CEOs Confident But Naive About Cyber Defense Strategies
Cybersecurity analytics solution RedSeal has found that more than 80 percent of CEOs are very confident in their cybersecurity strategies, despite security incidents surging 66 percent year over year since 2009.
"CEOs are underestimating their companies' cyber vulnerabilities," said Ray Rothrock, chairman and CEO of RedSeal. "Their confidence does not square with what we observe. Cyber-attacks are up and financial losses associated with these attacks are increasing dramatically." Specifically, PricewaterhouseCoopers' 2015 Global State of Information Security Survey projected that financial losses from cyber-attacks will jump from $500 billion in 2014 to more than $2 trillion in 2018.
The study found that, while 87 percent of CEOs agree that they need a better way to measure the effectiveness of their cybersecurity investments, 84 percent still plan to increase their spending in the next year. A trend reiterated by IDC's Oct. 2016 prediction that organizations will spend $101.6 billion on cybersecurity software, services, and hardware in 2020, a 38 percent increase from its 2016 spend projections.

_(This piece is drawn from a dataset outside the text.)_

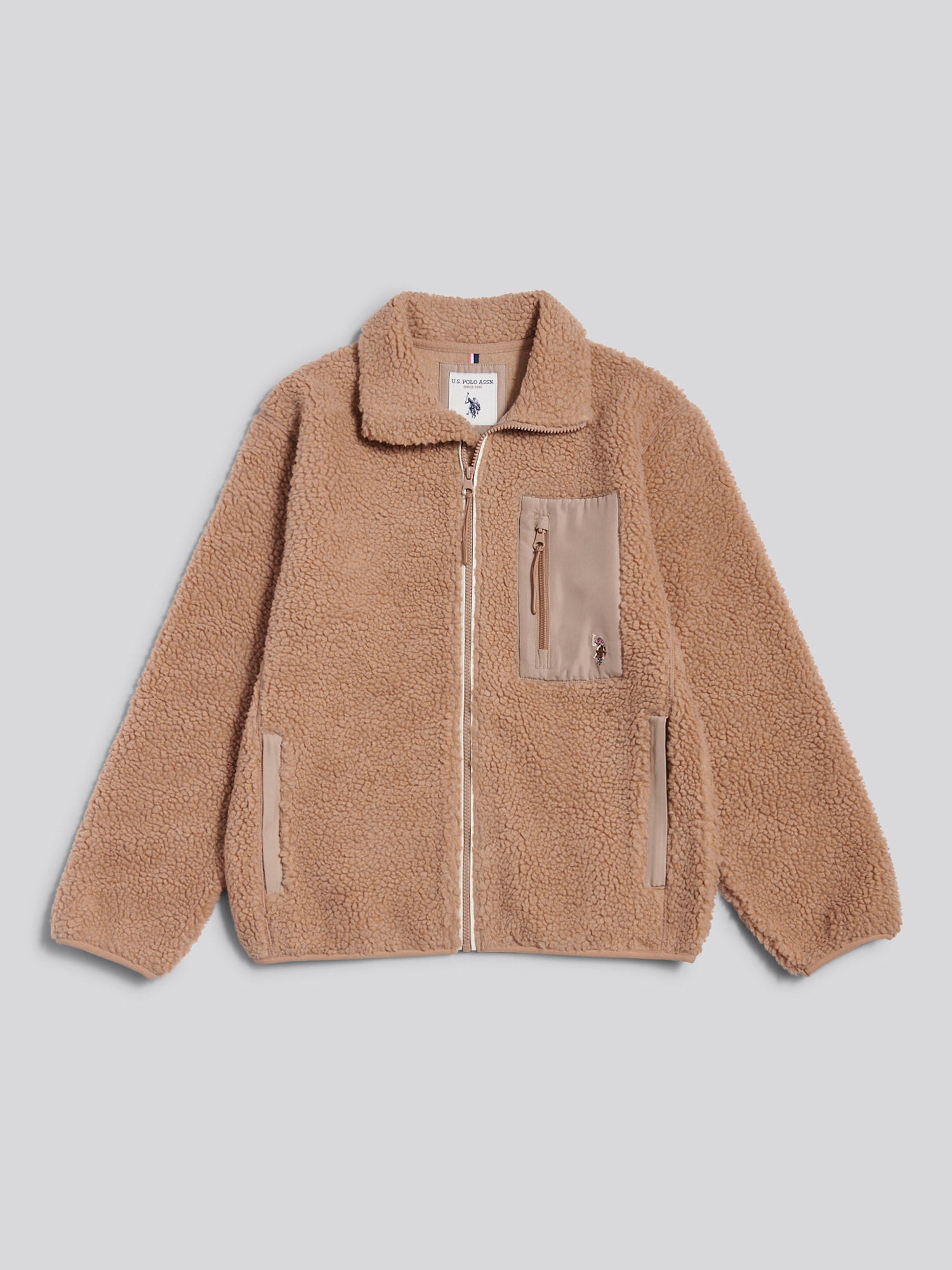 Wrap yourself in warmth with the U.S. Polo Assn. Womens Double Horsemen Borg Zip Funnel. This heritage-inspired piece is elevated by its textured fleece finish and contrasting nylon pocket detailing, offering a refined take on practical outerwear. Wear it zipped high with leggings and boots for countryside walks or throw over relaxed denim in the city.

"We've reached an inflection point where cyber security strategies and investments have underperformed for an extended period of time. Analysts estimate that cyber losses are now growing more than twice as fast as the spend on security," continued Rothrock. "To stem this tide, CEOs and boards need more effective metrics to understand the real-time health and function of their network, and to more clearly manage and measure their cyber strategies and investments."
Even though security budgets are at an unprecedented high, nearly three out of four CEOs report the metrics they receive lack meaning or context. Most (79 percent) agree their reports are too difficult to understand, and 87 percent need a better way to measure whether cybersecurity investments are effective. In addition, they cite a lack of timeliness (51 percent) as well as only receiving reports in times of crisis (50 percent) as significant challenges.